*** Recorded information ***

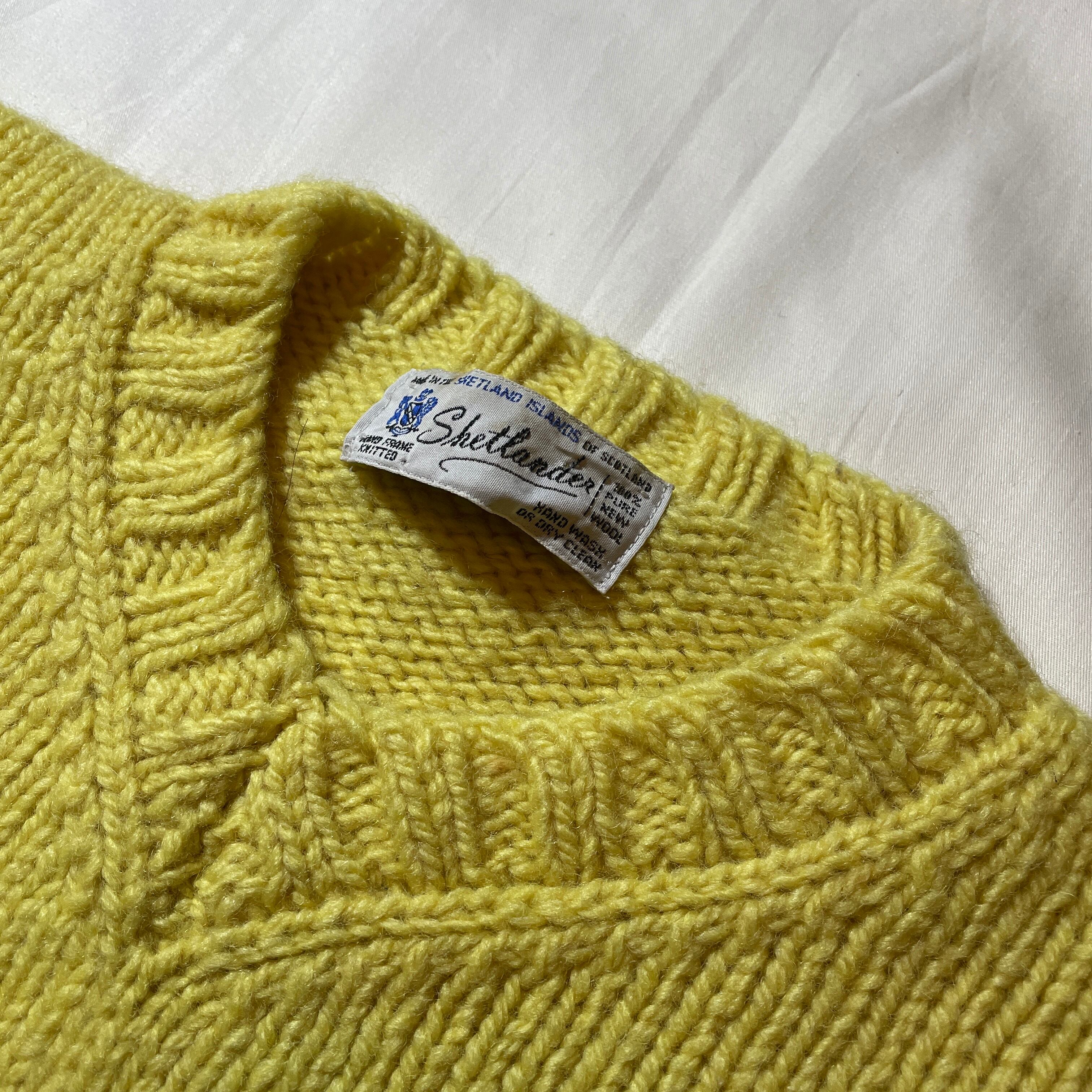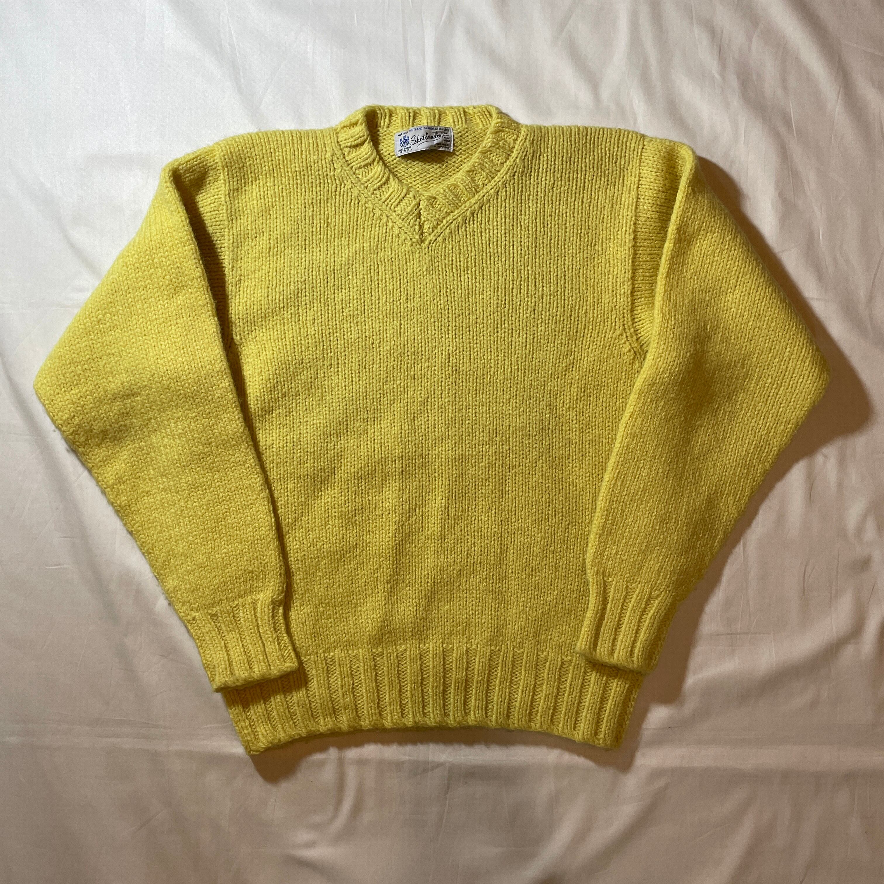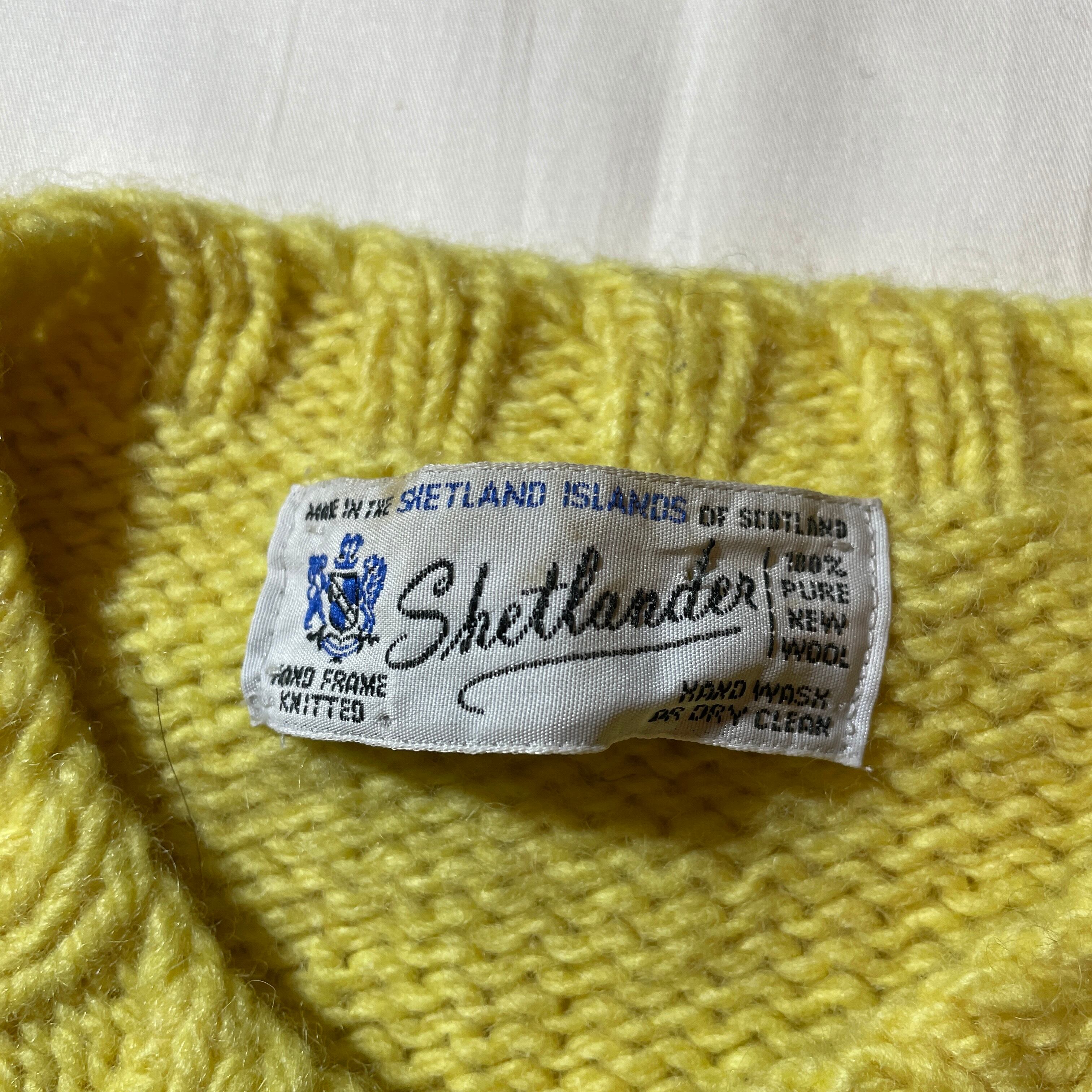 80s-90s頃のSHETLAND製 ウールセーター。最高級の品質を誇るShetland製。中々無いマスタードカラー。こういうカラーはグッとオールド感増します。
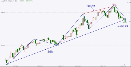 焦煤的走势还是有迹可循的,之前一直保持着良好的上涨趋势,在连续创出新高后,出现衰竭现象,并且受到上斜压力的阻挡,开始了临近的这波下跌。但目前来看,还只能作为次级折返下跌,并没有破坏近几个月的上涨节奏。另外,下跌段弱势趋近上涨趋势线,且呈现出震荡下跌的格局,要观察震荡的突破方向,并评估上涨趋势线的支撑力度,进而判断日线上局部更高低点的确认。
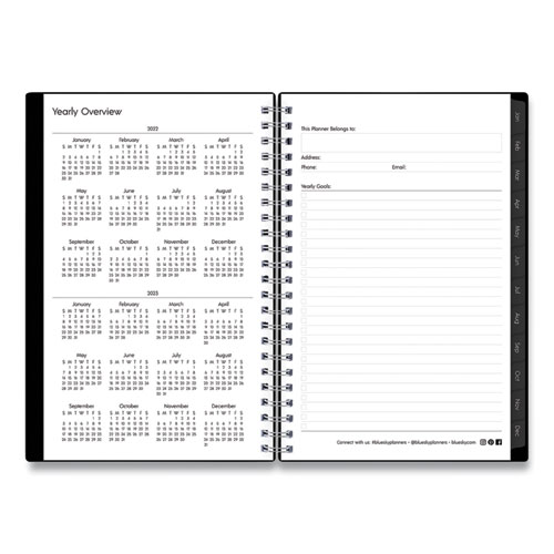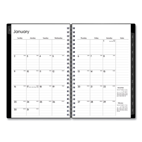 The professional exterior you’re looking for, with the interior content you require. Easily plan out your year and stay on track every month, every week, every day along the way with the stylish Enterprise Weekly/Monthly Planner. One week per two-page spreads provide plenty of space for your daily schedule throughout the week, Monday through Sunday. Monthly spreads feature a standard daily block format with reference calendars and space for month-spanning notes, giving you everything you need for longer-range planning tasks. Durable, coated monthly tabs offer quick access to past, present and future months. Additional resources in the back of the book help you plan out your year and keep everything on track. Flexible cover and snag-free twin-wire binding ensure everything stays neatly together. Thick, premium, acid-free pages are printed entirely with soy-based inks.
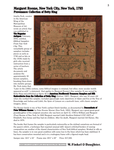 5Margaret Roome, New York City, New York, 1793Provenance: Collection of Betty RingAmelia Peck, curator in the American Wing of the Metropolitan Museum of Art, wrote an article that was published in The Magazine Antiques, February, 2005, entitled, Biblical Samplers From New York City. This remarkable group of samplers includes pieces as early as 1746 and as late as the 1830s made by girls who received instruction from a series of teachers. The article documents and analyzes the approximately 30 known samplers, breaking them down into stylistic groups. Ms. Peck states that %u201cLater in the [18th] century, some biblical imagery is retained, but other, more secular motifs appeared as well,%u201d a statement that applies to Margaret Roome%u2019s fine sampler. It was owned by Betty Ring and published as figure 49 in American Needlework Treasures: Samplers and Silk Embroideries from the Collection of Betty Ring (Dutton, 1987). Margaret, who was 10 years old when she worked this sampler, included appealingly na%u00efve depictions of Adam and Eve at the Tree of Knowledge and Joshua and Caleb, the Spies of Canaan on a sawtooth lawn, with classic sampler imagery, above. The Roome family is one of New York%u2019s earliest Dutch families, as documented by Descendants of Peter Willemse Roome, by Peter Roome Warner (New York, 1883). Margaret was a great-great-great granddaughter of the emigrant ancestor; she was born on April 12, 1788 to William and Margaret (Pray) Roome of New York. In 1808 Margaret married Caleb Stockton Halsted (1787-1827) of Elizabeth, New Jersey and they had six children. After his death, Margaret married Job Haines. She died in 1870.The border that frames the sampler is particularly noteworthy as the stylized carnations are formed of the queen%u2019s-stitch, a technique that required unusual skill. Queen%u2019s-stitched borders of varying composition are another of the shared characteristics of New York biblical samplers. Worked in silk on linen, the sampler is in very good condition with some loss to the linen which has been stabilized. It has been conservation mounted and is in a mahogany frame with a figured maple bead. Samper size: 16%u00bd%u201d x 16%u201d Frame size: 20%u00bd%u201d x 20%u201d Price: $17,500.
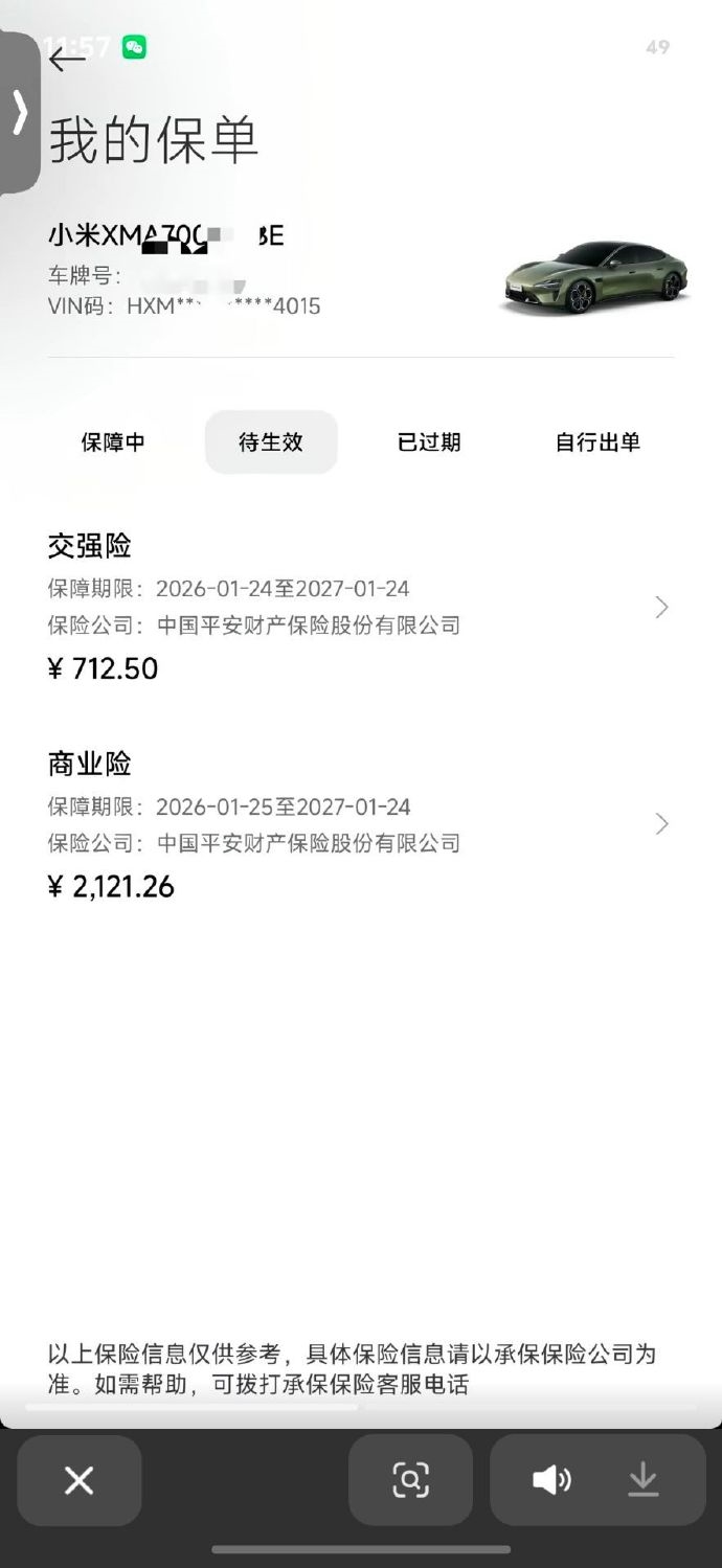 快科技1月12日消息,近日,一位小米SU7车主分享的续保保单引发围观。

***

■ **Task**: Your answer must be an exact repeat of the records above, with the pictures left out.

■ **Exercise output**:
 80s-90s頃のSHETLAND製 ウールセーター。最高級の品質を誇るShetland製。中々無いマスタードカラー。こういうカラーはグッとオールド感増します。
 焦煤的走势还是有迹可循的,之前一直保持着良好的上涨趋势,在连续创出新高后,出现衰竭现象,并且受到上斜压力的阻挡,开始了临近的这波下跌。但目前来看,还只能作为次级折返下跌,并没有破坏近几个月的上涨节奏。另外,下跌段弱势趋近上涨趋势线,且呈现出震荡下跌的格局,要观察震荡的突破方向,并评估上涨趋势线的支撑力度,进而判断日线上局部更高低点的确认。
 The professional exterior you’re looking for, with the interior content you require. Easily plan out your year and stay on track every month, every week, every day along the way with the stylish Enterprise Weekly/Monthly Planner. One week per two-page spreads provide plenty of space for your daily schedule throughout the week, Monday through Sunday. Monthly spreads feature a standard daily block format with reference calendars and space for month-spanning notes, giving you everything you need for longer-range planning tasks. Durable, coated monthly tabs offer quick access to past, present and future months. Additional resources in the back of the book help you plan out your year and keep everything on track. Flexible cover and snag-free twin-wire binding ensure everything stays neatly together. Thick, premium, acid-free pages are printed entirely with soy-based inks.
 5Margaret Roome, New York City, New York, 1793Provenance: Collection of Betty RingAmelia Peck, curator in the American Wing of the Metropolitan Museum of Art, wrote an article that was published in The Magazine Antiques, February, 2005, entitled, Biblical Samplers From New York City. This remarkable group of samplers includes pieces as early as 1746 and as late as the 1830s made by girls who received instruction from a series of teachers. The article documents and analyzes the approximately 30 known samplers, breaking them down into stylistic groups. Ms. Peck states that %u201cLater in the [18th] century, some biblical imagery is retained, but other, more secular motifs appeared as well,%u201d a statement that applies to Margaret Roome%u2019s fine sampler. It was owned by Betty Ring and published as figure 49 in American Needlework Treasures: Samplers and Silk Embroideries from the Collection of Betty Ring (Dutton, 1987). Margaret, who was 10 years old when she worked this sampler, included appealingly na%u00efve depictions of Adam and Eve at the Tree of Knowledge and Joshua and Caleb, the Spies of Canaan on a sawtooth lawn, with classic sampler imagery, above. The Roome family is one of New York%u2019s earliest Dutch families, as documented by Descendants of Peter Willemse Roome, by Peter Roome Warner (New York, 1883). Margaret was a great-great-great granddaughter of the emigrant ancestor; she was born on April 12, 1788 to William and Margaret (Pray) Roome of New York. In 1808 Margaret married Caleb Stockton Halsted (1787-1827) of Elizabeth, New Jersey and they had six children. After his death, Margaret married Job Haines. She died in 1870.The border that frames the sampler is particularly noteworthy as the stylized carnations are formed of the queen%u2019s-stitch, a technique that required unusual skill. Queen%u2019s-stitched borders of varying composition are another of the shared characteristics of New York biblical samplers. Worked in silk on linen, the sampler is in very good condition with some loss to the linen which has been stabilized. It has been conservation mounted and is in a mahogany frame with a figured maple bead. Samper size: 16%u00bd%u201d x 16%u201d Frame size: 20%u00bd%u201d x 20%u201d Price: $17,500.
 快科技1月12日消息,近日,一位小米SU7车主分享的续保保单引发围观。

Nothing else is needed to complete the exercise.